José Berrondo

Personal information
- Full name: José Berrondo Silva
- Date of birth: 26 October 1890
- Place of birth: Bilbao, Biscay, Spain
- Date of death: 21 August 1936 (aged 45)
- Place of death: Canet d'en Berenguer, Valencian Community, Spain
- Position: Defender

Senior career*
- Years: Team / Apps / (Gls)
- 1911–1912: Hispania FC
- 1912–1913: FC Barcelona
- 1913–1914: Espanyol
- Sarrià SC
- 1919–1923: Valencia CF
- 1924–1925: Sporting de Sagunto

= José Berrondo =

Spanish footballer (1890–1936)

José Berrondo Silva (26 October 1890 – 21 August 1936) was a Spanish footballer who played as a defender for FC Barcelona and Espanyol.
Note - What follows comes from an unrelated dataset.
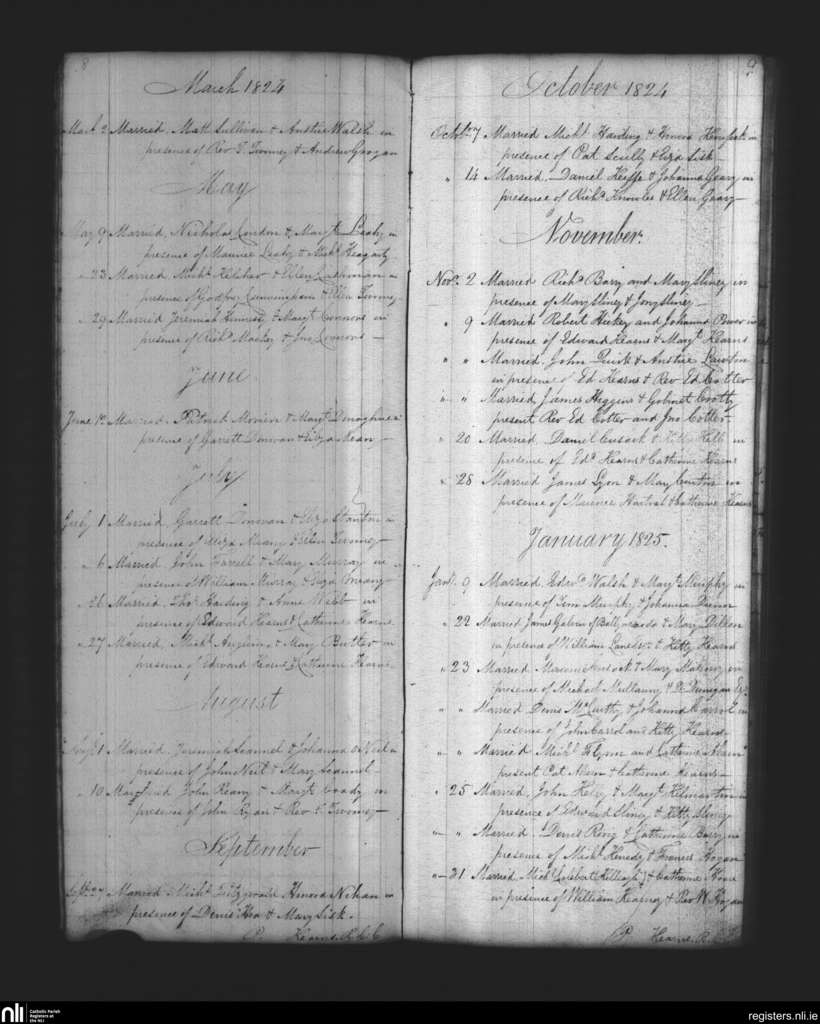 Cloyne; County of Cork; Diocese of Cloyne. Marriages, Mar. 1824 to Jan. 1825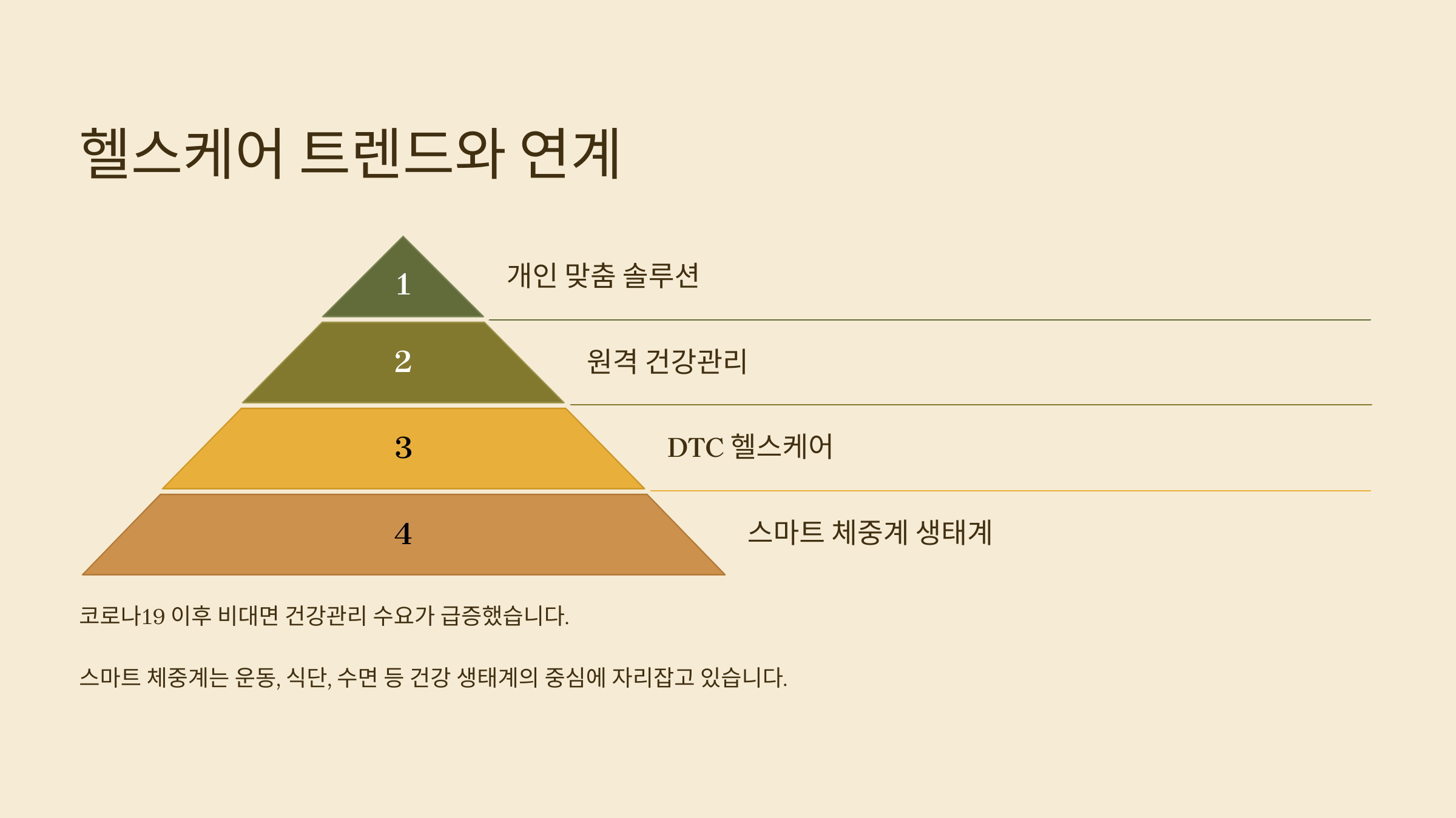 요즘 헬스케어 시장의 흐름은 '개인 맞춤형 데이터 기반 건강관리'로 빠르게 진화하고 있어요. 단순히 병원에서 진단을 받는 것을 넘어, 일상 속에서 데이터를 측정하고 기록하면서 스스로 건강을 관리하는 시대가 된 거죠. 스마트 체중계는 이 트렌드를 대표하는 기기 중 하나예요.

He was also a referee and a Basque pelota player.

==Biography==
José Berrondo was born in Bilbao, but it was in Valencian Community where he began to play football, joining his hometown club Hispania FC during the 1911–12 season, before signing for FC Barcelona in the following season. In his only season at Barcelona (1912–13), Berrondo won the Copa del Rey and the Pyrenees Cup. Barça needed three games to beat Real Sociedad in the Copa del Rey final, and he only featured in the second game as a substitute to the injured José Irízar, helping his side keep a clean-sheet in a goalless draw. He also played in the Pyrenees Cup final, this time as a starter, netting an own goal in a 7–2 victory over Cométe et Simot.

Berrondo then moved to Espanyol and ended his career at the end of the 1913–14 season. He immediately began refereeing matches, and although he played briefly for Sarrià SC during this period, he also became a Basque ball player, a sport in which he also succeeded.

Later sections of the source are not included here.